So, you settle down with the wife to watch a DVD, like you do.
The film just happens to be 9 Songs, described by the Guardian as the most explicit film in British cinema.
So there we are watching a real live BJ on the telly box - not a porno mind you, this is a film that got a real 18 rating, not R18, just 18 - when all of a sudden, just as the BJ reaches it's natural conclusion, the wife shouts "Oh my god! It's Gruey!".
A quick word to the younger generation - sometime in the 80's there was a BBC kids program called Gruey. The actor, Kieran O'Brien, later went on to do Children's Ward on ITV. Coronation Street and played Fitz's son in Cracker. But we know him as Gruey. Good old Gruey - always getting into trouble. How we laughed.
Now we were watching him populate his belly with some whie stuff. Well, needless to say the wife was a little distraught. I mean, it's Gruey!! For Christ's sake - it's Gruey!

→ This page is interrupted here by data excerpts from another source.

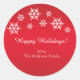 Pegatinas de vacaciones de Navidades de copos de nieve rojos y blancos. Personalizar con cualquier texto.
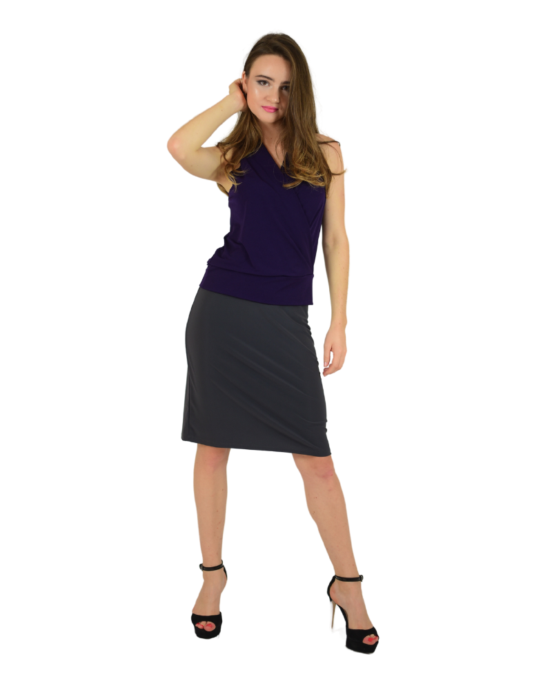 This dark grey knee length skirt is perfect for work or party! Pair it with our Anna Rainn Cardigan Wrap Top (sleeveless or full sleeves) and you are good to walk into any meeting or boardroom. Pair it with our Signature Faux Wrap Top and set any gathering on fire. Made of "no-ironing required" fabric, it gets you changed and ready to go in seconds.
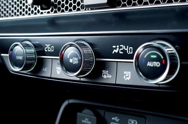 運転席/助手席、それぞれで温度設定が可能。ローレット加飾を施したダイヤルなど、デザインにもこだわっている。
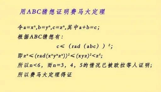 abc 猜想一经得证,数论中很多著名猜想可以立时得出。美国数学家、哥伦比亚大学教授多利安·哥德费尔德称 abc 猜想为「丢番图分析中最重要的未解问题」。
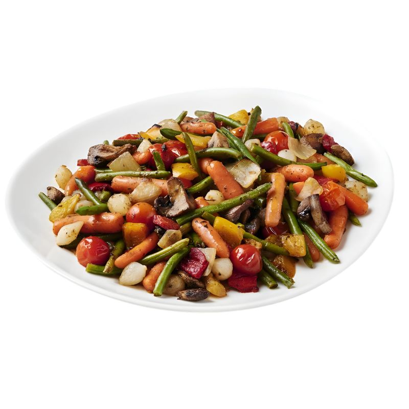 Legume 90% (fasole verde, morcovi baby, rosii cherry, ciuperci la grill, ceapa la grill, ardei rosu si galben la grill), sos 10% (ulei de cocos, mix de condimente, sare, sirop de glucoza, ierburi, sos de SOIA (boabe de SOIA, sare, otet din brandy), otet balsamic de Modena, 18% (otet din vin, must de struguri), apa, busuioc, amidon din porumb, usturoi, caramel.
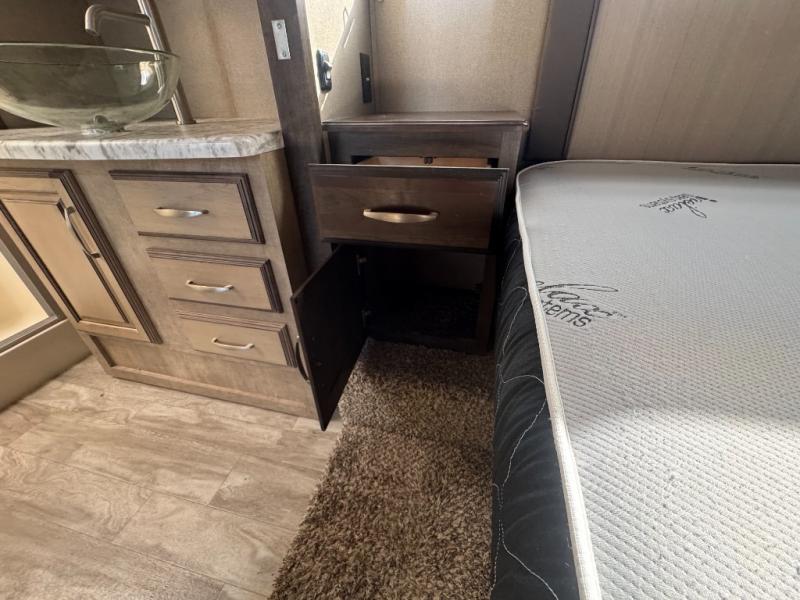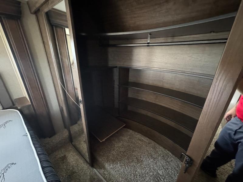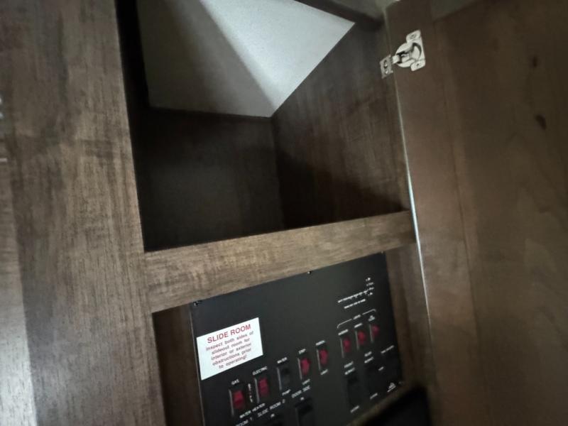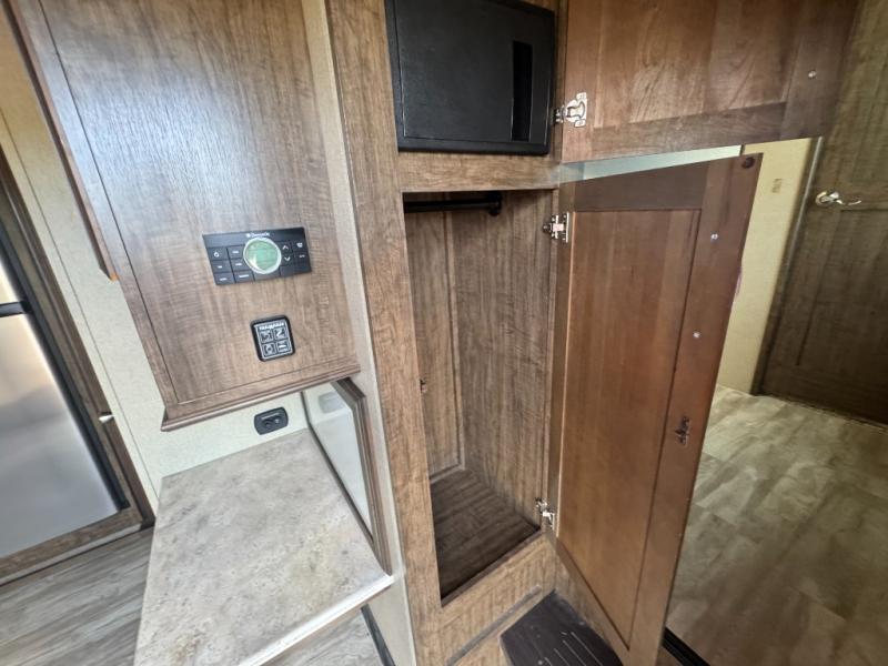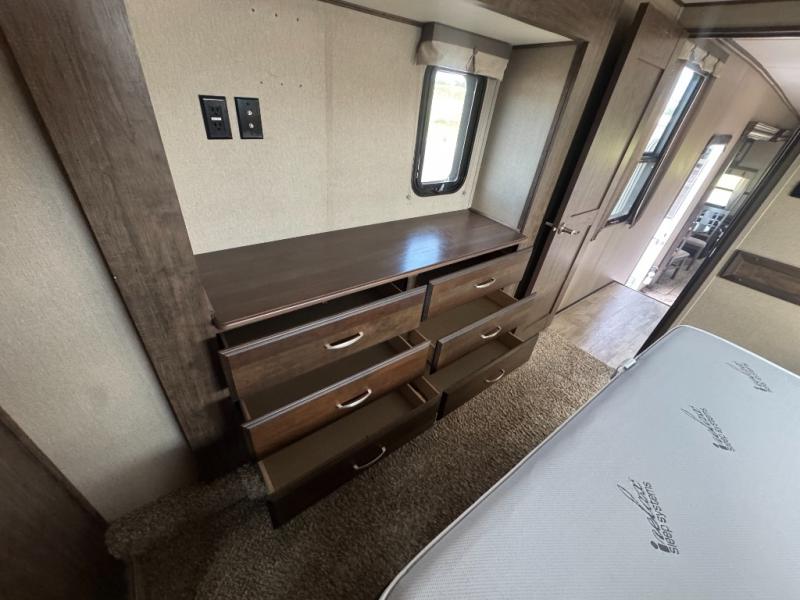 You can also enter the front bedroom from the hallway door. Here you will find a slide out bank of drawers on your right. Opposite enjoy sleeping on a slide out king size bed with pull out ottoman off the foot of it, and a full front closet with shirt storage. It is also prepped for a washer and dryer if you choose to add the units, plus so much more!

I think she has managed to file the memory of this away somewhere in the dark recesses of her mind as she quite enjoys the film now. I must admit it's not porn. Quite erotic in many places, but not porn. It is a love story interspaced with some rather good music. The natural progression of a relationship over a period of 9 gigs at the Brixton Academy from thier first meeting to their final parting. A good story, some very entertaining sex scenes and great music. What more could you possibly ask for from a film?
Also, today we watched Layercake and The Transporter. I found The Transporter to be very fun. Totally unrealistic, but fun. Bacon will never be the British Steven Segal. And his yank accent was crap. Layer cake was spoilt by Colm Meany (sp?) - I wanted the rest of the crew to materialise :-)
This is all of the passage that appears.